For the Cheater Ex (AKA The One Who Made Love Feel Dirty)
Want to shut your cheating ex right up when they try to make light of it? Don’t yell, make them sit with what they did. These make it clear that cheating isn’t a mistake, it’s a them issue. (Not you, babe.)
- You looked me in the eyes and lied as if it were nothing.
- You made betrayal look casual.
- You took the sacred and made it vile.
- You turned love into humiliation.
- You didn’t “make a mistake” you made a choice.
- You made me question every memory we had.
- You shattered trust as if it were replaceable.
- You made me feel stupid for believing in you.
- You played faithful while practicing your next lie.
- You turned my home into a platform for your infidelity.
- You let me cry and still acted as if you were the victim.

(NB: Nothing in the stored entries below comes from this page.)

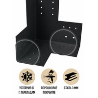 Соединитель пятка для фиксации бруса для беседки или перголы, используется для крепления бруса к поверхности или в качестве настенного крепления. Внутренний размер кронштейнов 100x100 мм. Крепеж для бруса имеет на основании четыре предварительно просверленные отверстия по 5 мм диаметр и по 6 отверстий на каждой стороне стойки, позволяющие надежно закрепить его на деревянной или бетонной поверхности. Материал: сталь толщиной 3 мм, покрытая порошковой краской цвета черный муар. В комплекте: 2 шт. (Болты в комплект не входят).
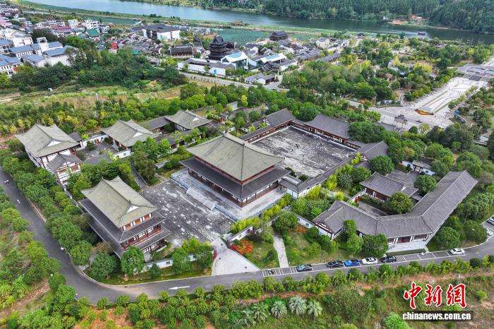 ▲考亭书院由道原堂、集成殿、太极广场和庆云楼等仿古建筑群构成。图为航拍考亭书院全景。吴大灼摄
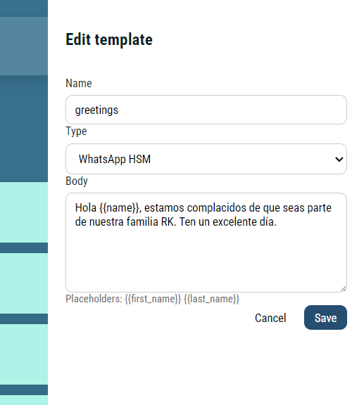 Plantillas de mensajes
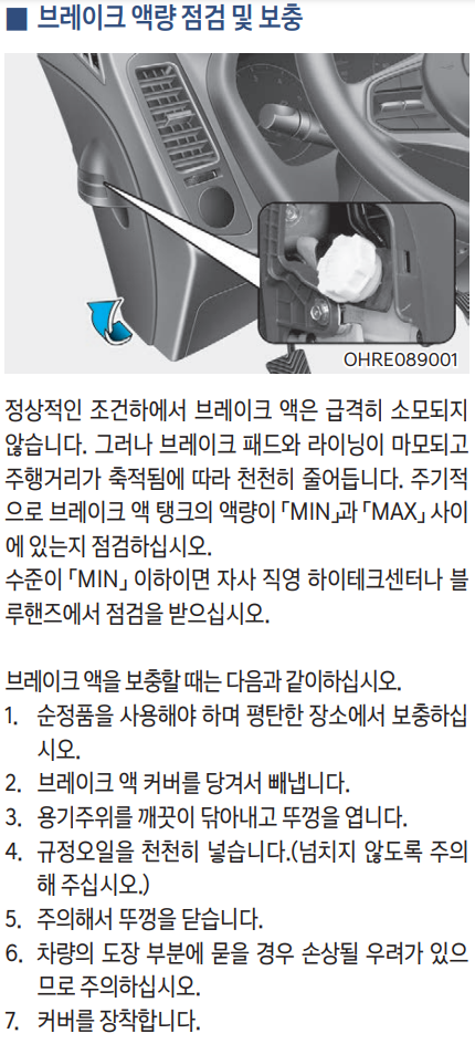 브레이크 액을 보충한 후 브레이크 액이 밖으로 흐 르지 않도록 뚜껑을 정확히 닫으십시오.
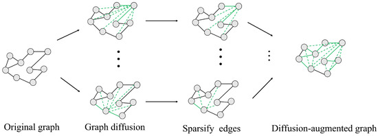 Figure 2 shows a diffusion-augmented graph in the improvement module. The graph diffusion improvement is employed to aggregate additional global information via global probability transfer, effectively addressing the over-smoothing challenge [8] and integrating long-distance neighborhood data by facilitating propagation throughout the graph.

- You blamed me for the attention you couldn’t stop chasing.
- You showed me what disgust feels like.
- You turned love into something that made me physically ill.
- You broke me and then called me bitter for remaining broken.
- You tried to convince me it wasn’t that bad.
- You made intimacy feel unsafe.
- You killed every version of myself that trusted easily.
- You didn’t lose me you buried me under your lies.
- You made “sorry” sound insignificant.
- You made loyalty seem naïve.
- You shattered a part of me that you’ll never be capable of fixing.
- You will never know what it feels like to be loved by someone you destroyed.
- You lied so much that you started believing yourself.
- You didn’t cheat because you were unhappy, you cheated because you were hollow.